Yes - ZooKeeper is still needed on Kafka 2.4, but you can read about KIP-500 which plans to remove the dependency on ZooKeeper in the near future and start using the Raft algorithm in order to create the quorum.
As you already understood, if you will install ZK on a single node it will work in a standalone mode and you won't have any resiliency. The classic ZK ensemble consist 3 nodes and it allows you to lose 1 ZK node.
After pointing your Kafka brokers to the right ZK cluster you can start your brokers and the cluster will be up and running.
In your example, I would suggest you to create another node in order to gain better resiliency and met the replication factor that you wanted, while still be able to lose one node without losing data.
Bear in mind that using single partition means that you are bounded to single consumer per Consumer Group. The rest of the consumers will be idle.
I suggest you to read this blog about Kafka Best Practices and how to choose the number of topics/partitions in a Kafka cluster.

Why is my kafka topic not consumable with a broker down?

My issue is that I have a three broker Kafka Cluster and an availability requirement to have access to consume and produce to a topic when one or two of my three brokers is down.

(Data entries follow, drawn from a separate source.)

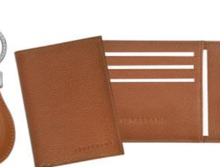
Porte-cartes – 3 coloris Pour 100 pièces : Prix remisé unitaire 49,00 € HT
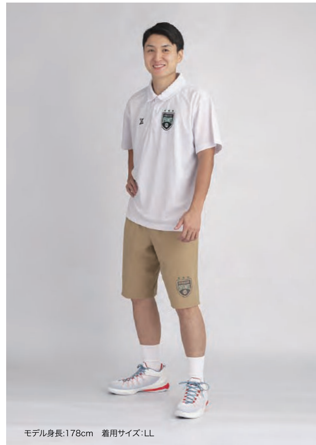
モデル身長:178cm 着用サイズ:LL
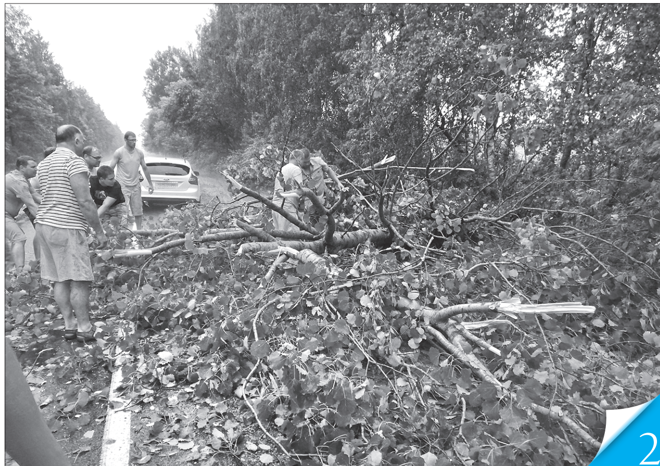
У ситуації, коли більшість дерев обабіч доріг досягли старості й через загрозу падіння підлягають вирубуванню, часу на роздуми вже немає

I also have a reliability requirement to have a replication factor of 3. These seem to be conflicting requirements to me. Here is how my problem manifests:
I create a new topic with replication factor 3
I send several messages to that topic
I kill one of my brokers to simulate a broker issue
I attempt to consume the topic I created
My consumer hangs
I review my logs and see the error:
Number of alive brokers '2' does not meet the required replication factor '3' for the offsets topic
If I set all my broker's offsets.topic.replication.factor setting to 1, then I'm able to produce and consume my topics, even if I set the topic level replication factor to 3.
Is this an okay configuration? Or can you see any pitfalls in setting things up this way?
You only need as many brokers as your replication factor when creating the topic.
I'm guessing in your case, you start with a fresh cluster and no consumers have connected yet. In this case, the __consumer_offsets internal topic does not exist as it is only created when it's first needed. So first connect a consumer for a moment and then kill one of the brokers.
Apart from that, in order to consume you only need 1 broker up, the leader for the partition.